Ирина промолчала, но не ушла — осталась стоять рядом, пока Оксана перебирала бумаги.
Через две недели они втроём отправились к нотариусу на Печерске оформлять переход доли, а вечером того же дня Оксана написала Максиму — созвонились впервые за два года. Голос у него в трубке был неуверенный, будто он ждал, что она сейчас потребует с него денег или подписи под каким-то отказом.
— Я не хочу ничего забирать, — сказала она сразу. — Я хочу, чтобы ты знал: там теперь твоя треть, честно, через нотариуса. И если хочешь, приезжай в воскресенье к нам на Троещину.
Он долго молчал в трубке, потом сказал коротко:
— Приеду.
В следующее воскресенье он приехал — худой парень с Гришиными глазами, в старой куртке, из-под которой торчал воротник рубашки, явно надетой специально. В руках он держал бумажный пакет, из которого достал за столом старую, потрёпанную колоду карт.

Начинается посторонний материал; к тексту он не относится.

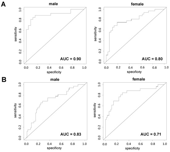 Clinical potential of composite score consisting of eight plasma proteins. ROC analysis of composite score consisting of eight plasma proteins in male and female participants evaluated using coefficients of the logistic models was performed. In the model discriminating between NDCs and those with AD, the AUC values of ROC analysis were 0.90 and 0.80 for male and female participants, respectively (A). In the model discriminating between NDCs and cognitive impairment (MCI and AD), the AUC values from the ROC analysis were 0.83 and 0.71 for male and female participants, respectively (B).
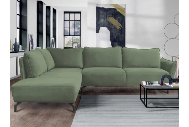 Atraktivní rohová sedací souprava je inspirována módními trendy. Elegantní design zaoblených tvarů, polštářová optika i kvalitní zpracování. Sedačka s bočním otomanem vytváří levý roh a nabízí dostatek prostoru pro vaši každodenní pohodu. Užívejte si tak komfortně laděné sezení, které navíc zpříjemňuje měkká velurová sametová látka v odstínu olivově zelená. Černé kovové nohy poskytují sedačce stabilní základ a navíc dodávají obývacímu prostoru pocit vzdušnosti.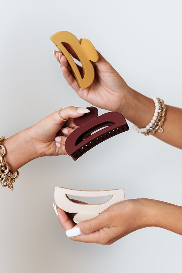 You will absolutely be serving up major looks when you complete your hair style with this chic hair claw clip set featuring three rectangular silhouette pieces: a maroon, cream, and mustard one!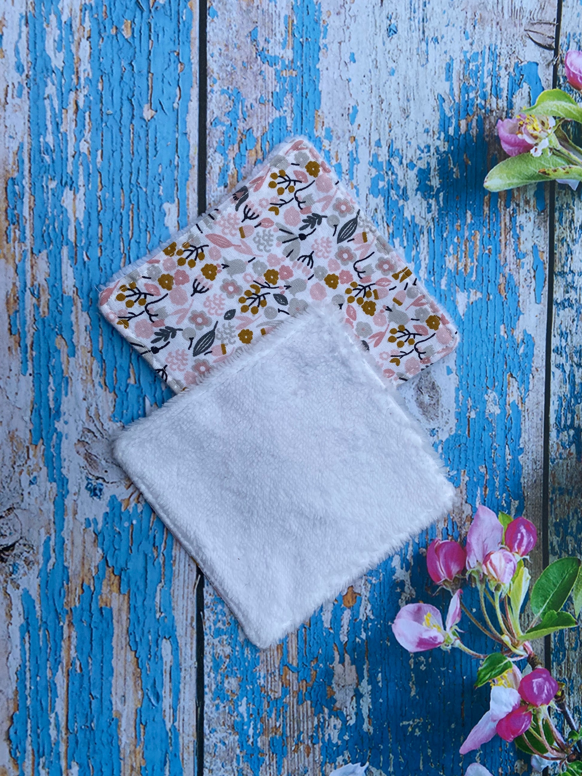 Lingette démaquillante coton imprimé recto , éponge bambou verso pour un usage quotidien oubliez les cotons jetables passez au zéro déchet !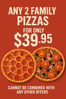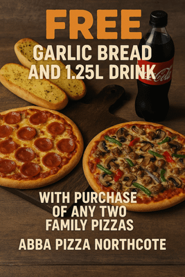 🔥 Hungry? Grab any 2 Family Pizzas for just $39.95 at Abba Pizza Northcote! 🍕 Not valid with other offers.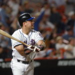 - UNITED STATES – SEPTEMBER 21: Mets’ Mike Piazza hits 8th inning homerun to lead Mets past Braves, 3-2, on patriotic and dramatic night at Shea as baseball returns to City. Win pulls Mets within 4 1/2 games of first-place Atlanta (Photo by Howard Earl Simmons/NY Daily News Archive via Getty Images)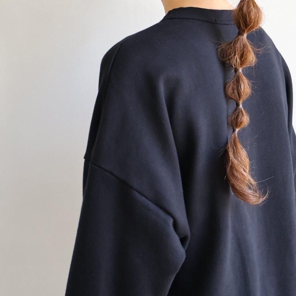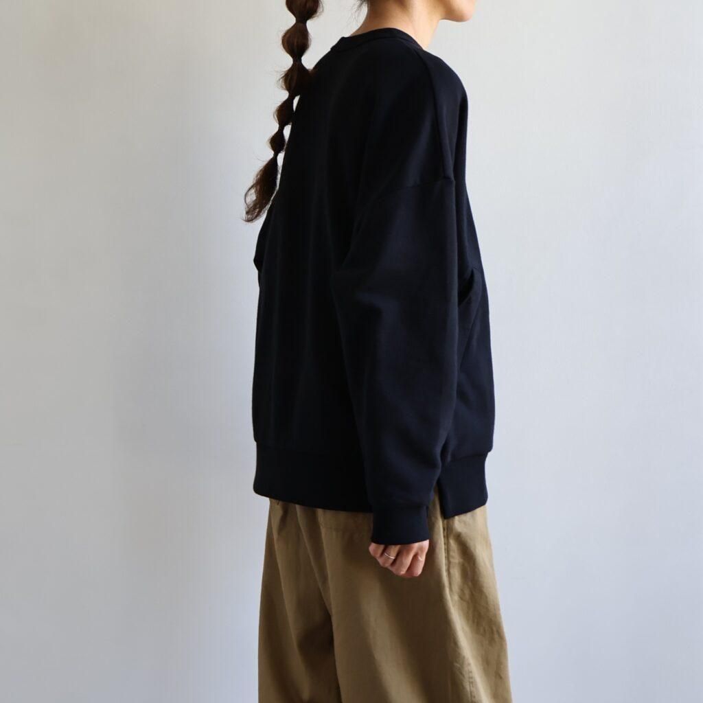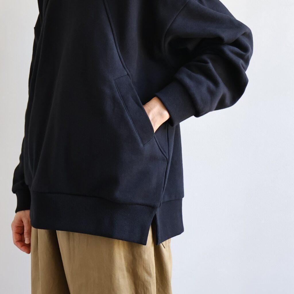 アイテムについて:身頃に切り替えを入れてボリュームを出したプルオーバーです。たっぷりとした身幅に肩まわりはドロップショルダーでゆったりとさせてオーバーサイズに仕上げています。ウエスト位置に縁取ったポケットがポイント。ソフトな肌ざわりで伸縮性が高く動きやすい裏毛素材で秋から春先まで長く活躍してくれます。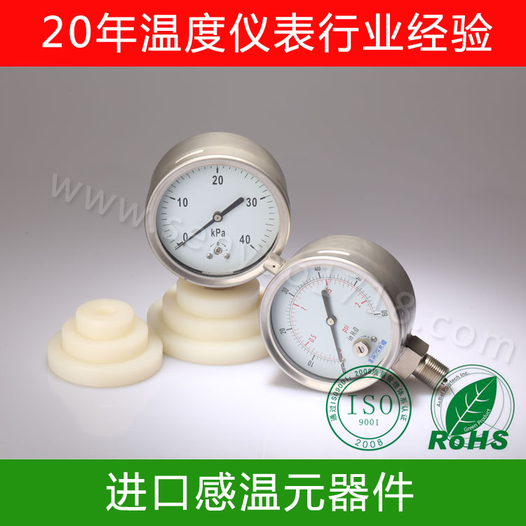 3、可采用隔膜式压力表,目前有钼2钛和钽片,膜片与弹簧管之间用甲基硅油传送压力,最小量程可做到0~100kPa,如果膜片材料还不耐腐,则可加一层F46(聚全氟乙丙烯)膜片,但根据介质的渗透性,传递液可选用氟油,则可起双重隔离作用。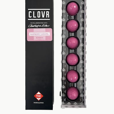 Clovr by Christopher Elbow Chocolate Bonbons! Indulge in luscious raspberry caramel bonbons enrobed in velvety white chocolate. The best part? Every purchase contributes to breast cancer awareness. We use THC distillate from our extraction lab to infuse caramel made in our copper kettle. Nutritional Info: 6 servings/package 6 pieces/10mg each Gluten-free

— Это отцовские, — сказал он, кладя колоду на стол рядом с тарелками. — Он в них с вами когда-то в дурака резался, говорил. Я подумал, может, тоже сыграем.
Ирина взяла колоду в руки, повертела, и на обороте одной карты нашла надпись шариковой ручкой — детским почерком, явно Гришиным: "не жульничать!!!".
— Он и правда жульничал, — сказала Ирина и впервые за вечер засмеялась так, что стало видно, как она похожа на мать.
Оксана разлила чай — уже не в те чашки с золотым ободком, а в обычные, что стояли в серванте про запас. Максим неловко взял чашку двумя руками, будто боялся расплескать, и, кажется, не заметил, что назвал Оксану "тётя Оксана", хотя раньше, в детстве, звал её просто по имени.
Тарас сдал карты.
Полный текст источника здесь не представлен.